• Problem: Starting with the line that has "- 数学模型:基于Volte" and finishing with the line that has "Caja en tono", set down each line below exactly. Pictures are not copied.

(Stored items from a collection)
>>>>>
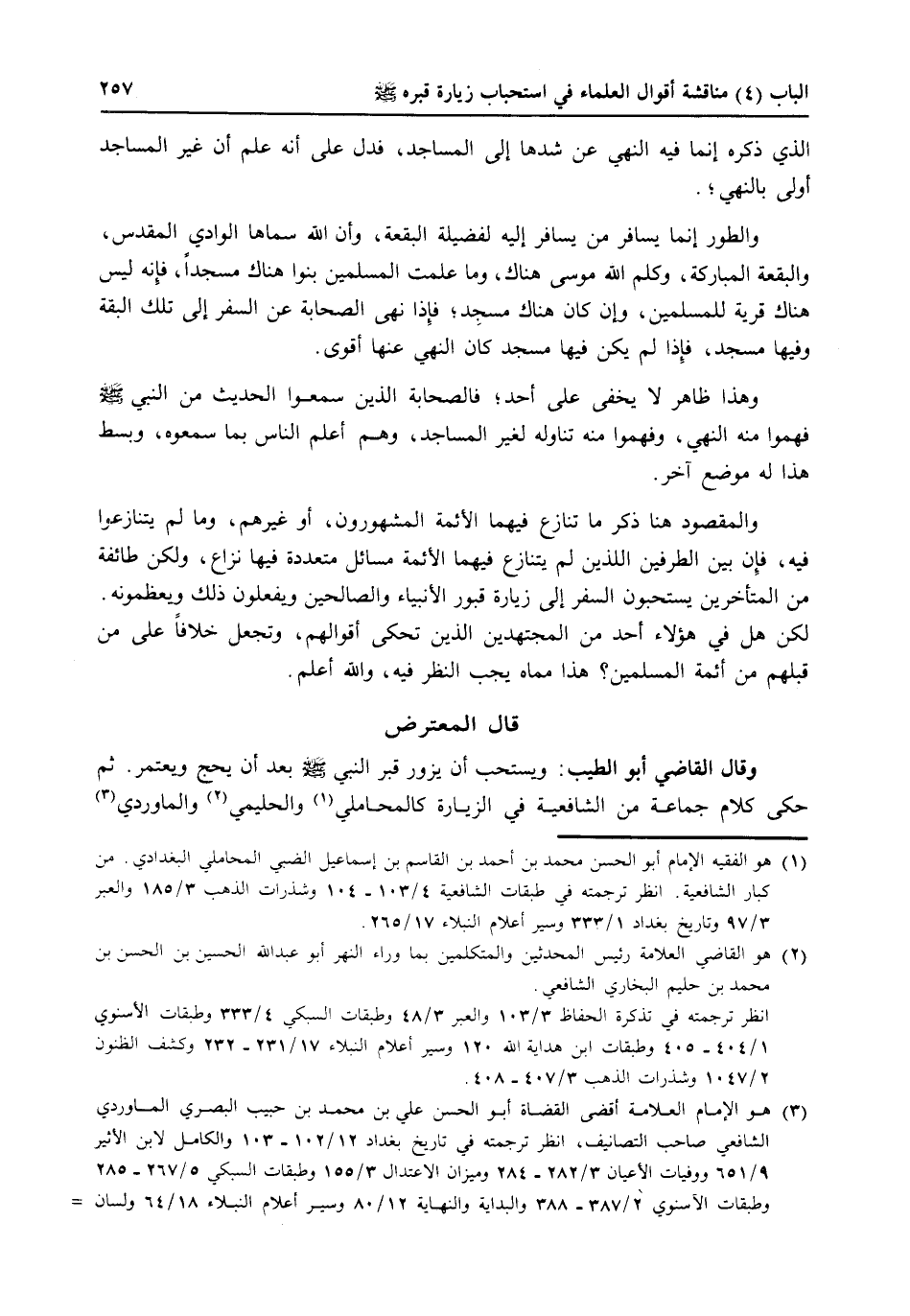 وقال القاضي أبو الطيب: ويستحب أن يزور قبر النبي صلى الله عليه وسلم بعد أن يحج ويعتمر، ثم حكى كلام جماعة من الشافعية في الزيارة كالمحاملي (1) والحليمي (2) والماوردي (3)
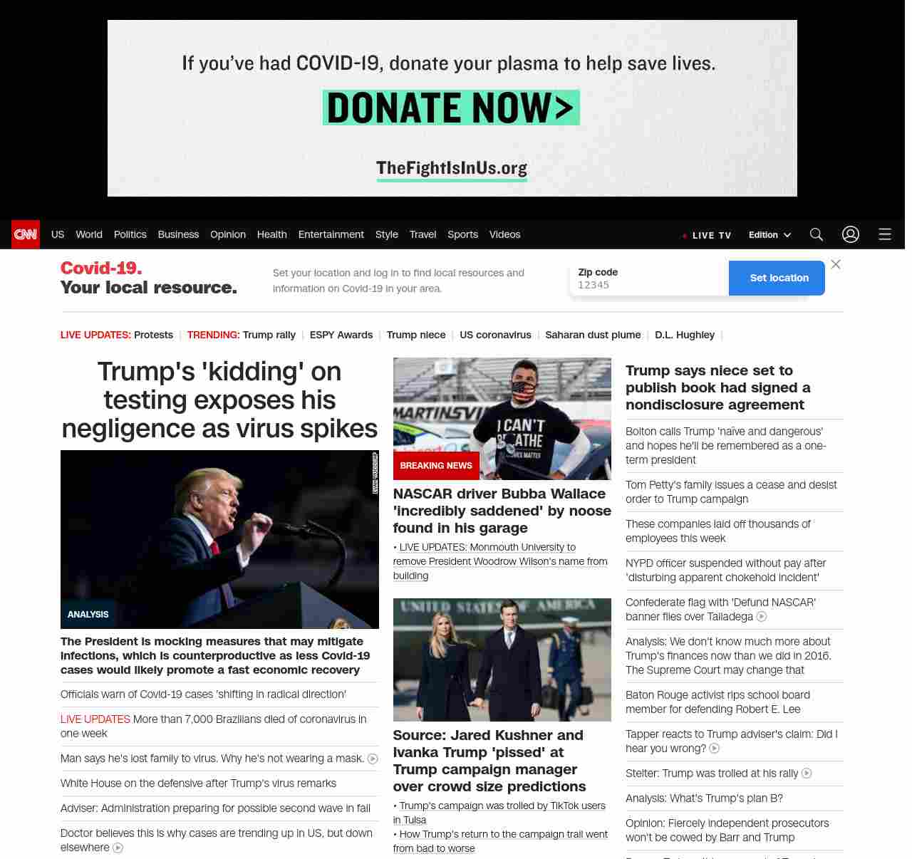 CNN1: FOXVCNN=|Trump’s ‘kidding’ on testing exposes his negligence as virus spikes| ((lubuntu at wor3))
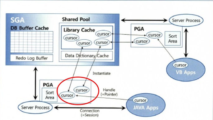 공유 커서 (shared cursor) : 라이브러리 캐시에 공유돼 있는 Shared SQL Area
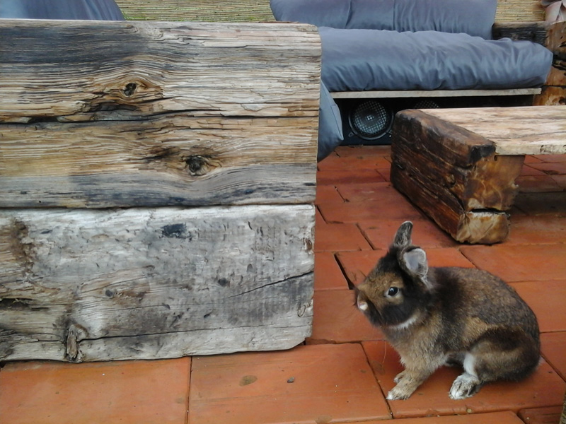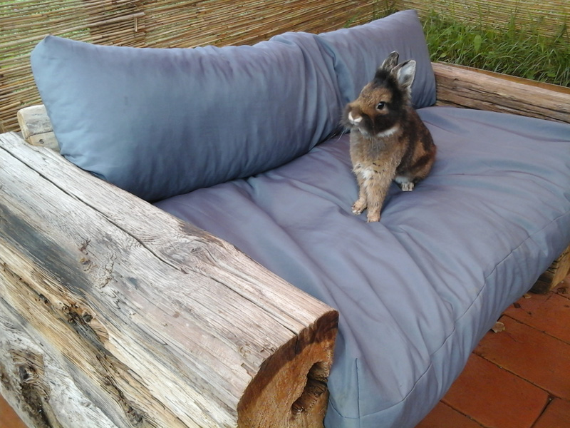 This is Bandi our funny dwarf rabbit. He sits on the garden furniture. Your website inspired us to prepare our handcrafted wood bench for the garden.
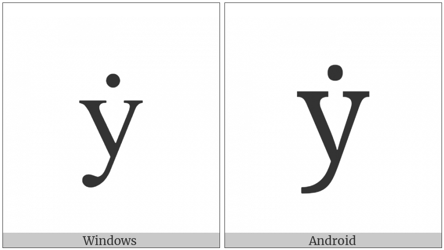 The image below shows how the “Latin Small Letter Y With Dot Above” symbol might look like on different operating systems. If the font in which this web site is displayed does not contain the symbol and there is no fallback font able to render it, you can use the image below to get an idea of what it should look like.
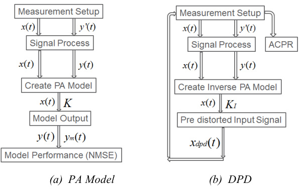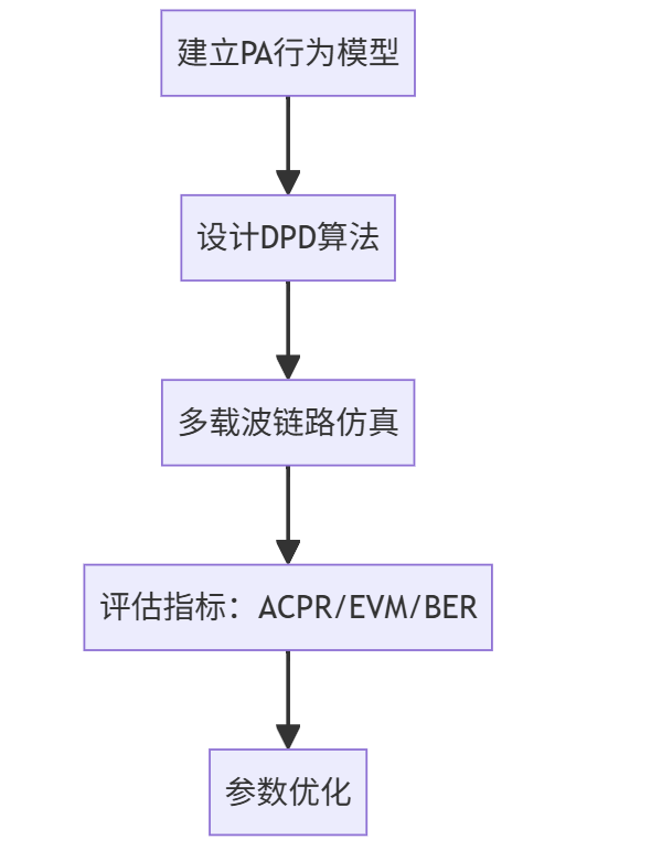 - 数学模型:基于Volterra级数或广义记忆多项式(GMP)描述非线性系统,考虑记忆效应(当前输入与历史输入的相关性)。
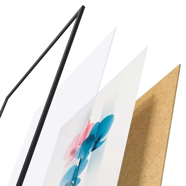 Das Poster besteht aus einem Rahmen, Plexiglas, einem gedruckten Bild und einer Rückwand aus Spanplatten. Dank der Halterungen auf der Rückseite kann das Poster sofort an die Wand gehängt werden.
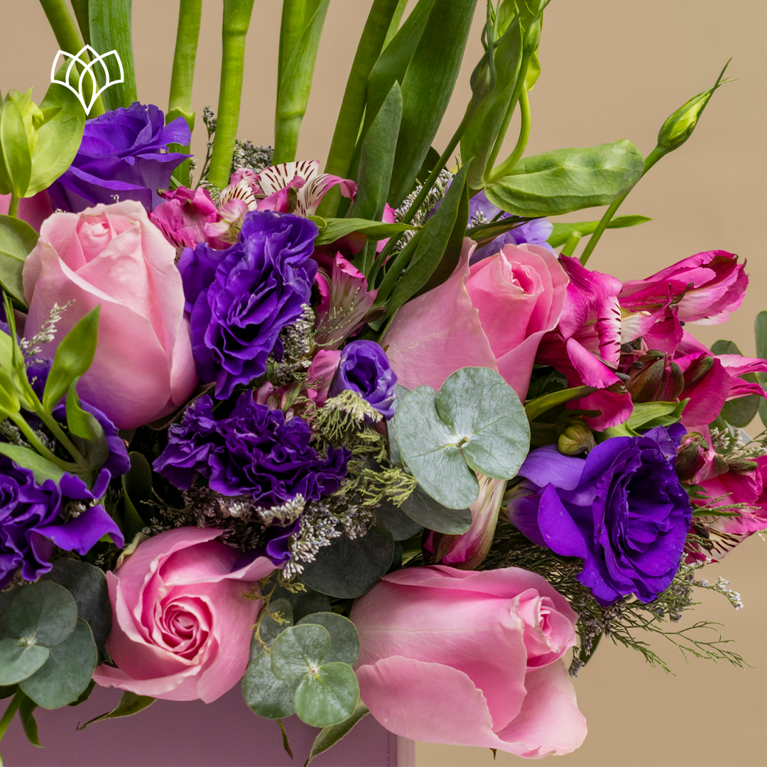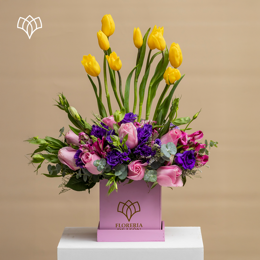Caja en tono rosa claro con 10 tulipanes, 6 rosas, lisianthus tono rosado con blanco y follaje llamado caspia.
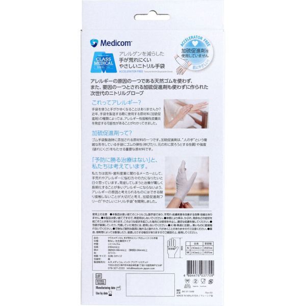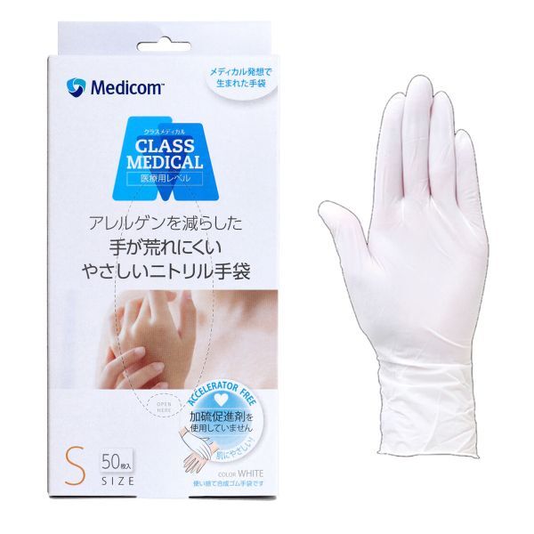 加硫促進剤を使用していませんので肌にやさしいです アレルゲンを減らした手が荒れにくいやさしいニトリル手袋 強度に優れる合成ゴムニトリルゴム製です アレルギーの原因となる加硫促進剤やラテックスプロテインやパウダー不使用で天然ゴム特有のゴム臭もありません 長時間の着用でも疲れないしなやかなグローブで食品衛生法にも準拠しています 【商品詳細】 ★Sサイズ 掌部幅:約85mm 全長:240mm以上 ※全サイズ共通 掌部厚み:0.06mm以上 ※全サイズ共通 指先厚み:0.08mm以上 ※全サイズ共通 個装サイズ:122mmX255mmX35mm 個装重量:約205g 内容量:50枚入 カラー:ホワイト 材質:ニトリルゴム 製造国:マレーシア 発売元:A.R.メディコム・インク・アジア・リミテッド JANコード:4894476037709 |
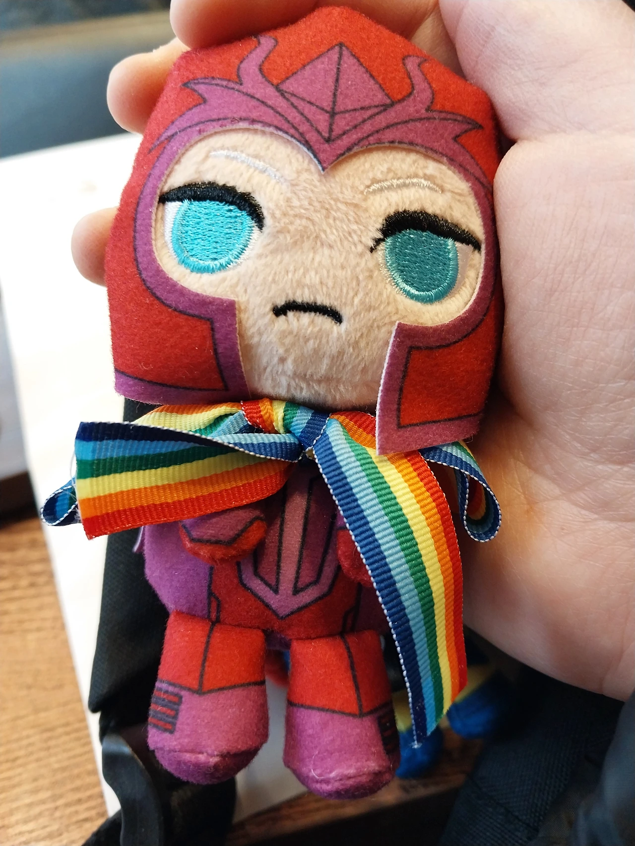 성당 가려고 버스 기다리는데 어떤 할머니께서 내 가방에 달려있는 매그니토 인형이 예쁘다고 하셨다. 무지개 리본을 매둔 것 때문인 것 같은데 이게 뭔 의미인지는 아시려나...
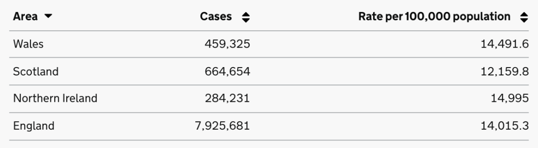 与奥地利(674.04)、比利时(634.13)和爱尔兰(580.44)相比,英国的感染率为574.31 /百万人。
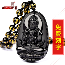 开光黑曜石十二生肖本命佛吊坠大日如来普贤文殊虚空臧菩萨项链男
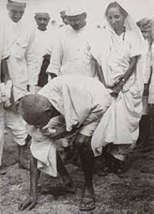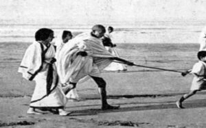 அங்கு கடல் அலை ஒதுக்கியிருந்த உப்பை அள்ளி, கையை உயர்த்தினார். அது, இந்தியாவில் பிரிட்டிஷ் சாம்ராஜ்ஜியத்தின் அஸ்தமனத்துக்கு அழுத்தமாக அடிகோலிய செயலாகவே வரலாற்றாசிரியர்களால் பார்க்கப்படுகிறது.
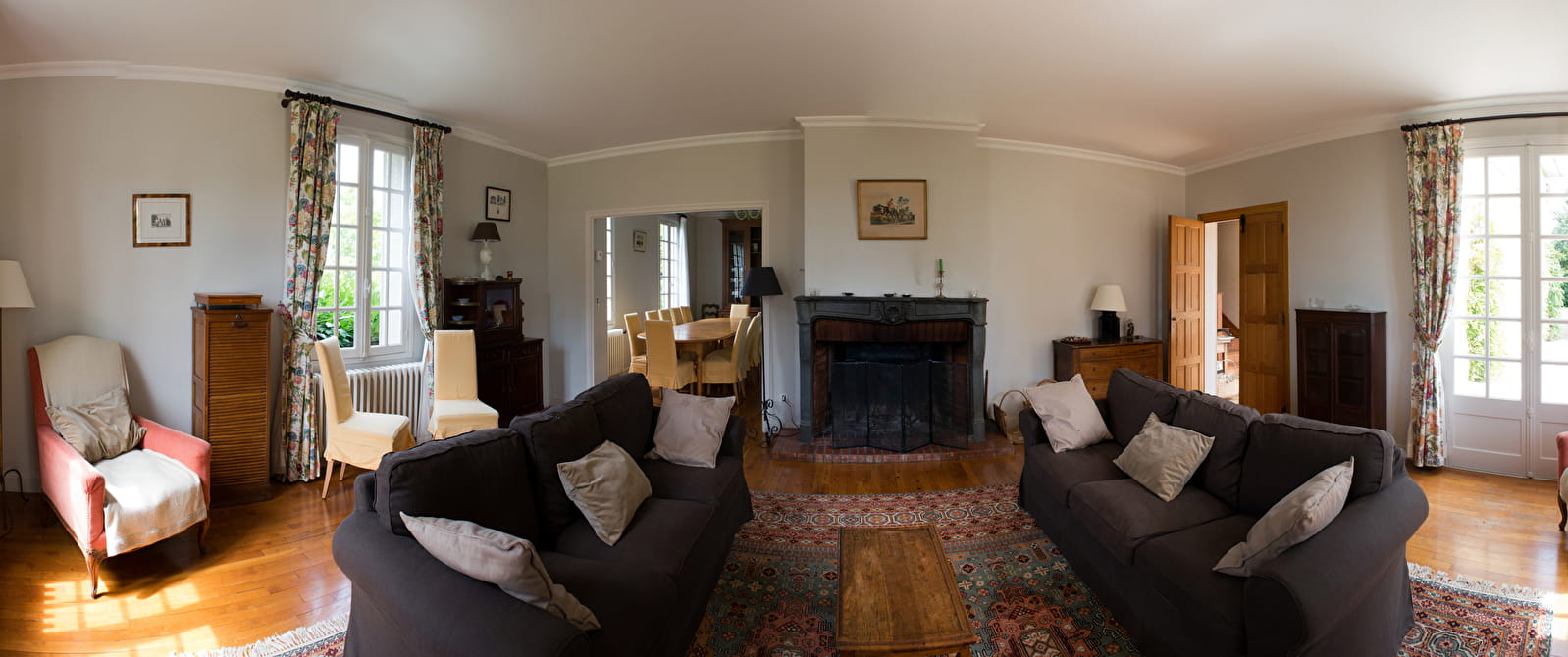Offrant huit chambres (possibilité de loger 15 personnes), 7 salles de bain ou d'eau, une salle de jeux, une salle télévision avec lecteur DVD, un bureau avec accès internet, une grande pièce de vie avec cheminée et une cuisine équipée, une buanderie avec machines à laver et une sécheuse.
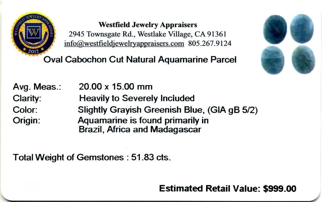 51.83cts Oval Cut Oval Cabochon Cut Natural Aquamarine Parcel. Westfield Appraised at $999.
<<<<<
• Response for this exercise:
 - 数学模型:基于Volterra级数或广义记忆多项式(GMP)描述非线性系统,考虑记忆效应(当前输入与历史输入的相关性)。
 Das Poster besteht aus einem Rahmen, Plexiglas, einem gedruckten Bild und einer Rückwand aus Spanplatten. Dank der Halterungen auf der Rückseite kann das Poster sofort an die Wand gehängt werden.
Caja en tono rosa claro con 10 tulipanes, 6 rosas, lisianthus tono rosado con blanco y follaje llamado caspia.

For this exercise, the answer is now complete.